─── Information shown
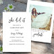 Cartão de convite de festas de graduação preto-e-branco, simples e minimalista moderno, "Ela Fez". Um layout mínimo apresenta uma foto do formando. Edite facilmente detalhes para personalizar palavras, cores, fontes. Também disponível como um download para a Conveninece.
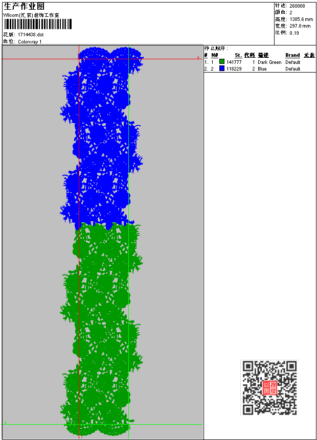 - dst花版参数: 大小:762.24 KB / 尺寸:298*1386[毫米] / 针数:260008针 / 线色:2 / 格式:dst / 版本:6
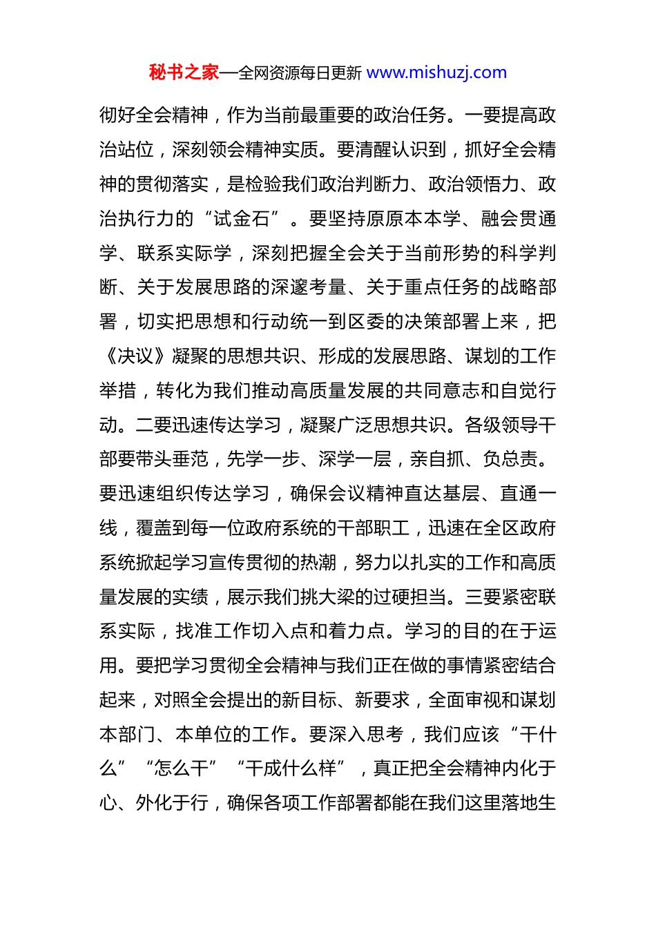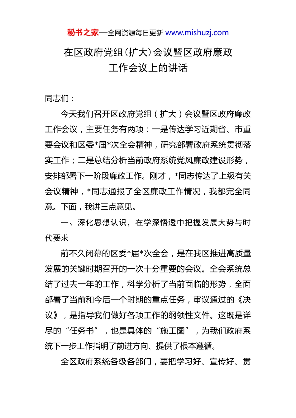 秘书之家—全网资源每日更新 www.mishuzj.com在区政府党组(扩大)会议暨区政府廉政工作会议上的讲话 同志们:今天我们召开区政府党组(扩大)会议暨区政府廉政工作会议,主要任务有两项:一是传达学习近期省、市重要会议和区委*届*次全会精神,研究部署政府系统贯彻落实工作;二是总结分析当前政府系统党风廉政建设形势,安排部署下一阶段廉政工作。刚才,*同志传达了上级有关会议精神,*同志通报了全区廉政工作情况,我都完全同意。下面,我讲三点意见。一、深化思想认识,在学深悟透中把握发展大势与时代要求前不久闭幕的区委*届*次全会,是在我区推进高质量发展的关键时期召开的一次十分重要的会议。全会系统总结了过去一年的工作,科学分析了当前面临的形势,全面部署了当前和今后一个时期的重点任务,审议通过的《决议》,是指导我们做好各项工作的纲领性文件。这既是详尽的“任务书”,也是具体的“施工图”,为我们政府系统下一步工作指明了前进方向、提供了根本遵循。全区政府系统各级各部门,要把学习好、宣传好、贯秘书之家—全网资源每日更新 www.mishuzj.com彻好全会精神,作为当前最重要的政治任务。一要提高政治站位,深刻领会精神实质。要清醒认识到,抓好全会精神的贯彻落实,是检验我们政治判断力、政治领悟力、政治执行力的“试金石”。要坚持原原本本学、融会贯通学、联系实际学,深刻把握全会关于当前形势的科学判断、关于发展思路的深邃考量、关于重点任务的战略部署,切实把思想和行动统一到区委的决策部署上来,把《决议》凝聚的思想共识、形成的发展思路、谋划的工作举措,转化为我们推动高质量发展的共同意志和自觉行动。二要迅速传达学习,凝聚广泛思想共识。各级领导干部要带头垂范,先学一步、深学一层,亲自抓、负总责。要迅速组织传达学习,确保会议精神直达基层、直通一线,覆盖到每一位政府系统的干部职工,迅速在全区政府系统掀起学习宣传贯彻的热潮,努力以扎实的工作和高质量发展的实绩,展示我们挑大梁的过硬担当。三要紧密联系实际,找准工作切入点和着力点。学习的目的在于运用。要把学习贯彻全会精神与我们正在做的事情紧密结合起来,对照全会提出的新目标、新要求,全面审视和谋划本部门、本单位的工作。要深入思考,我们应该“干什么”“怎么干”“干成什么样”,真正把全会精神内化于心、外化于行,确保各项工作部署都能在我们这里落地生秘书之家—全网资源每日更新 www.mishuzj.com根、开花结果。二、聚焦核心任务,在攻坚克难中开创高质量发展新局面今年是实现“十五五”规划目标的关键一年,做好经济社会发展各项工作意义重大。我们要牢固树立“不进则退、慢进亦退”的危机感和紧迫感,以“拼”的意识、“抢”的状态、“实”的作风,牢牢掌握发展主动权,以自身工作的确定性有效应对形势变化的不确定性。(一)坚定发展信心,巩固稳中向好态势。今年以来,面对复杂严峻的外部环境和艰巨繁重的改革发展稳定任务,全区上下顶压前行、克难奋进,经济运行持续回升向好。根据多个地区发布的 2024 年度经济运行报告分析,我们可以看到相似的增长韧性与发展潜力。综合来看,我们区在 2024 年也取得了来之不易的成绩:全区地区生产总值预计突破 1800 亿元,同比增长 6.1%;一般公共预算收入达到 155 亿元,增长 7.2%;固定资产投资总额完成超过 800 亿元,实现了量的合理增长和质的有效提升。特别是城镇新增就业人数超过 3.5 万人,民生保障得到有力加强。这些成绩的取得,是全区人民共同奋斗的结果,也为我们应对挑战、继续前进奠定了坚实基础。在肯定成绩的同时,我们也要正视发展中存在的短板和弱项,比如城秘书之家—全网资源每日更新 www.mishuzj.com乡、区域、收入“三大差距”依然存在,产业结构优化升级的任务还很重,部分重点项目的推进速度还需加快,必须采取更加有力的措施加以解决。(二)突出工作重点,全力推动“三大突破”。区委全会明确提出要统筹推进“三大突破”,这是我们当前工作的重中之重,必须集中力量、精准发力。一要全力在发展新质生产力上实现新突破。这是推动高质量发展的核心引擎。我们要加...
──────
- What you have to do: Nothing but the lines from the top of the data above through the line containing "- dst花版参数: 大小:762.24" should be output, exactly as written and without the pictures.

- Solution to this exercise:
 Cartão de convite de festas de graduação preto-e-branco, simples e minimalista moderno, "Ela Fez". Um layout mínimo apresenta uma foto do formando. Edite facilmente detalhes para personalizar palavras, cores, fontes. Também disponível como um download para a Conveninece.
 - dst花版参数: 大小:762.24 KB / 尺寸:298*1386[毫米] / 针数:260008针 / 线色:2 / 格式:dst / 版本:6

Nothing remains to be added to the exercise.